Editor's Blog

Sovereign wealth funds – beyond the hype

In the early years of the 21st Century, the rise of hedge funds and private equity has been nothing short of spectacular.

And in the decade to come, a new class of hyper-rich investor - Sovereign Wealth Funds - will easily surpass them. With assets already estimated at $2.5trn, these state-owned investment funds are emerging as the new and potentially much greater force in global capitalism. Fuelled by record petrodollars and other export receipts, a forecast earlier this year by Morgan Stanley estimated that they would reach a staggering $12trn by 2015 – almost the same size as the US Economy today. So what kind of world can financiers look forward to?

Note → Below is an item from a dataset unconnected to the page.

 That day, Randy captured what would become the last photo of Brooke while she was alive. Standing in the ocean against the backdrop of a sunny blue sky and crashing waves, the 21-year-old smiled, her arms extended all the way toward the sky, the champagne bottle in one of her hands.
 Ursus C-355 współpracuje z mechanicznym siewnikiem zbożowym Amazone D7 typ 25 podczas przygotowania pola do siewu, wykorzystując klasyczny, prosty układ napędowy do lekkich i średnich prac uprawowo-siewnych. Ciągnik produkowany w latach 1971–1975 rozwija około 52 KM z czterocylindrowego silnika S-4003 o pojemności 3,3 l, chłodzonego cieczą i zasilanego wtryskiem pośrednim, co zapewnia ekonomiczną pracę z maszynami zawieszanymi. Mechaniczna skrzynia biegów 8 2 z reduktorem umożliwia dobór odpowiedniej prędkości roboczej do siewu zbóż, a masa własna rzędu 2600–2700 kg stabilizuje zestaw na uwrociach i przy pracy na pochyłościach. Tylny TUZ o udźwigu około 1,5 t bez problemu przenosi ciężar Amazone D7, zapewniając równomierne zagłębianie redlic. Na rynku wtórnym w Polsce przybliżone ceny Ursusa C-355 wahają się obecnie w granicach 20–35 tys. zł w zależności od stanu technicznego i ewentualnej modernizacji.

Actually it won’t be that different. Unlike Hedge Funds or Private Equity, SWFs are risk-averse and above all, discreet. They have no yen to be drivers of volatility or being blames as the guilty party in any industrial dispute. And not everyone believes they will continue to grow at their current rate. A recent report by London-based Lombard Street Research claimed that for China, the massive current account surpluses could not last because the Renminbi was bound to rise in value against the dollar, raising manufacturing goods prices or failing that, there would be a protectionist backlash by the West.

The critical change though will be the way in which nations and their regulators start to look at this emerging breed of foreign investor. Hard questions will increasingly be asked about whether SWFs make investments purely to make a return, or whether they are making national strategic investment decisions to further their geopolitical interests?

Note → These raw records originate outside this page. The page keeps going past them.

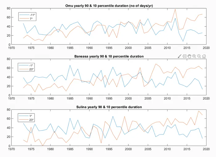 Începând cu a doua parte a decadei precedente, numărul de zile cu temperaturi minime a continuat să scadă în timp ce numărul de zile cu temperaturi mari a crescut. Evoluție similară putem observa și pentru stațiile meteo Băneasa și Sulina, notează Infoclima.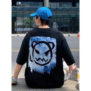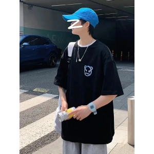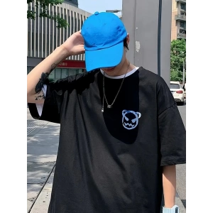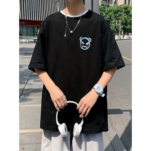 20/1 Penye Compack Bisiklet Yaka Kore tarzı sevimli ayı baskı Kısa Kol Erkek t-shirt - Siyah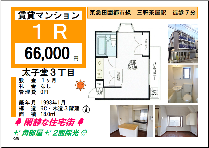 礼金なし 角部屋陽当り良好 カウンターのあるお部屋 【賃 料】 66,000円 【管理費】 0円 【所在地】世田谷区太子堂3丁目 【交 通】三軒茶屋駅 徒歩7分 【敷 金】1ヶ月 【礼 金】なし! 【面 ...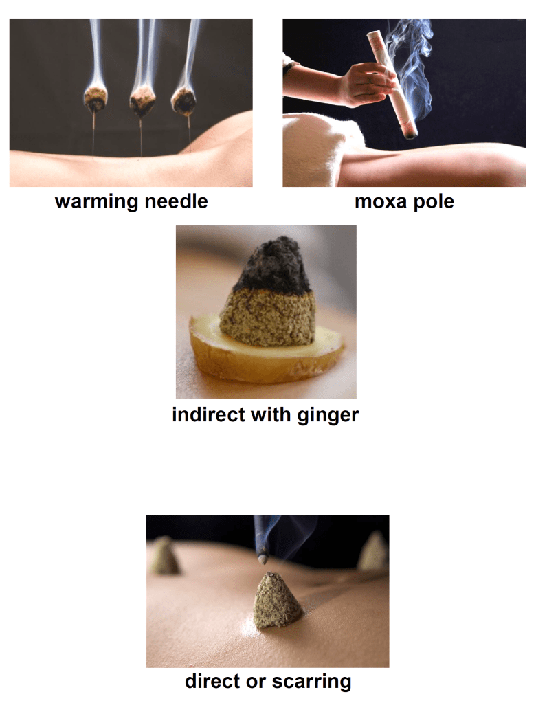 A small, cone-shaped amount of moxa wool is placed on top of an acupuncture point and burned. Then it is extinguished or removed before it burns the skin. With direct moxibustion the patient will experience a pleasant heating sensation that penetrates deep into the skin, but should not experience any pain, blistering or scarring. Direct moxa means the moxa is applied directly onto the body. This is further broken down into what is called the scarring and the non-scarring methods. Most practitioners these days don’t perform scarring moxa anymore. It is very strong and quite effective! The non-scarring is the more common direct moxa method, and involves a small bunch of moxa being put onto the body, usually in the shape of cone, and burned down until the warmth is felt by the patient, and then removed. Many rounds of this would be done until a very strong sense of heat was felt at the point.

Nowhere will this be more sensitive than in the fields of dwindling energy resources and its related infrastructure, sensitive defence technology and US government securities.

The last point is perhaps the most worrying. The world is going through a seismic financial rebalancing (or so Dan Lewis thinks, see the Final Bell on page 208). As the developing world continues to catch up, they are desperately trying to diversify out of their devaluing US Dollar holdings. Arguably, OPEC and Asia have funded the US current account deficit and kept the debt-ridden American economy afloat. Provided these greenbacks are unwound slowly, the world economy will still prosper.

The nightmare is that quitting the dollar becomes a stampede.